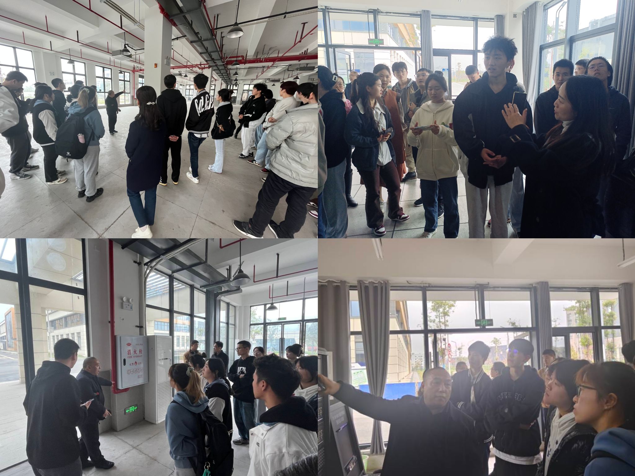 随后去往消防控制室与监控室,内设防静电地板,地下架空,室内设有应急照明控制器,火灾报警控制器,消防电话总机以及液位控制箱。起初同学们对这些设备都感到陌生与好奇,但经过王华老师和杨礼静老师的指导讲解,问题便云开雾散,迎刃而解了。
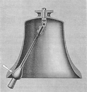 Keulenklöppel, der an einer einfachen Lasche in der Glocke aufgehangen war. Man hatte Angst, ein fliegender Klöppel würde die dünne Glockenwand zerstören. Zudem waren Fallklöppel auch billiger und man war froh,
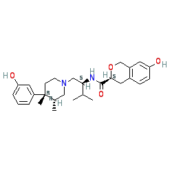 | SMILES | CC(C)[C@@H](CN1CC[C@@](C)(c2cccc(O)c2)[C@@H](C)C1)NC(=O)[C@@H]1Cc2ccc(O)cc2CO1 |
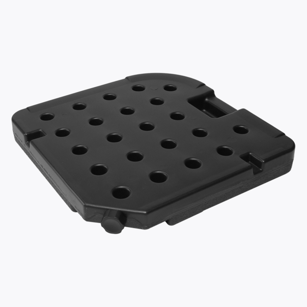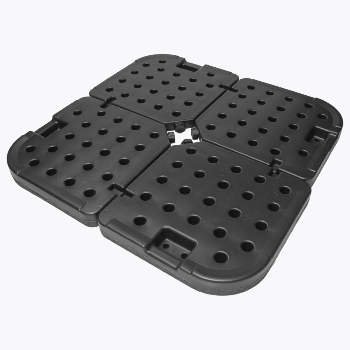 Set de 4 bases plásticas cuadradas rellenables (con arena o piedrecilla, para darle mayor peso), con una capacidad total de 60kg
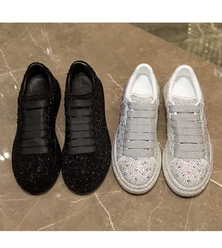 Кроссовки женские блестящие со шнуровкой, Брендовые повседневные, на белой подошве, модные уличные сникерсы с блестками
==
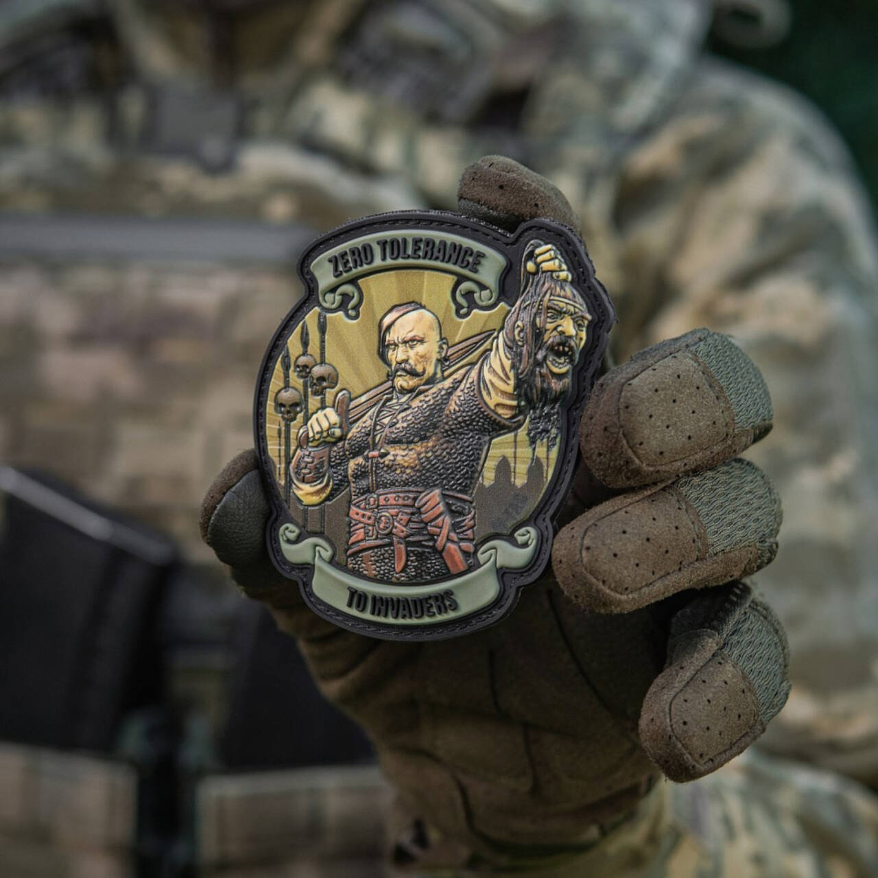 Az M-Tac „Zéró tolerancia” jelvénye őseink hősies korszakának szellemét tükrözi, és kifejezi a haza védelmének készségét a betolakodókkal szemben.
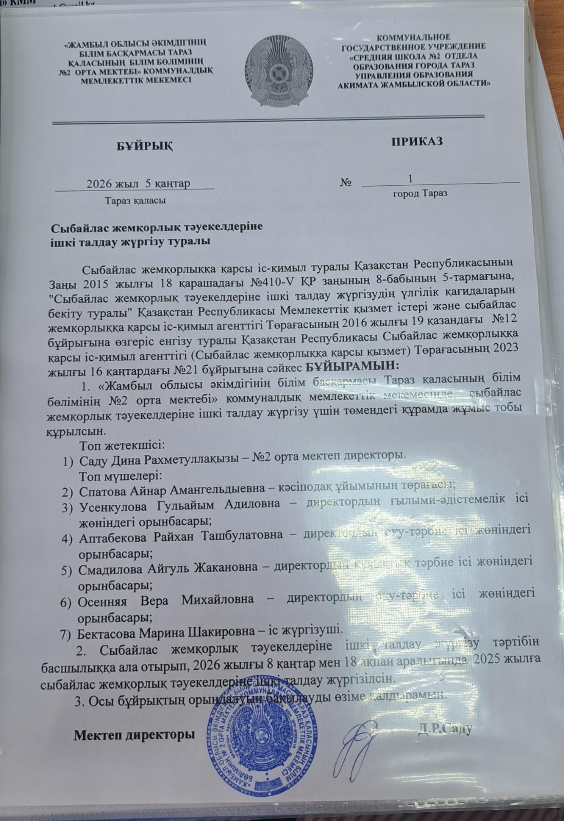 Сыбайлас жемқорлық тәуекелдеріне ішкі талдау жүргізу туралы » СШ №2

*REQUIRED WORK:* In the listing above, find the line with "随后去往消防控制室与监控室,内设防静电地" and output every line through the one with "Кроссовки женские блестящие", exactly, without the pictures.

*PROBLEM SOLUTION:*
 随后去往消防控制室与监控室,内设防静电地板,地下架空,室内设有应急照明控制器,火灾报警控制器,消防电话总机以及液位控制箱。起初同学们对这些设备都感到陌生与好奇,但经过王华老师和杨礼静老师的指导讲解,问题便云开雾散,迎刃而解了。
 Keulenklöppel, der an einer einfachen Lasche in der Glocke aufgehangen war. Man hatte Angst, ein fliegender Klöppel würde die dünne Glockenwand zerstören. Zudem waren Fallklöppel auch billiger und man war froh,
 | SMILES | CC(C)[C@@H](CN1CC[C@@](C)(c2cccc(O)c2)[C@@H](C)C1)NC(=O)[C@@H]1Cc2ccc(O)cc2CO1 |
 Set de 4 bases plásticas cuadradas rellenables (con arena o piedrecilla, para darle mayor peso), con una capacidad total de 60kg
 Кроссовки женские блестящие со шнуровкой, Брендовые повседневные, на белой подошве, модные уличные сникерсы с блестками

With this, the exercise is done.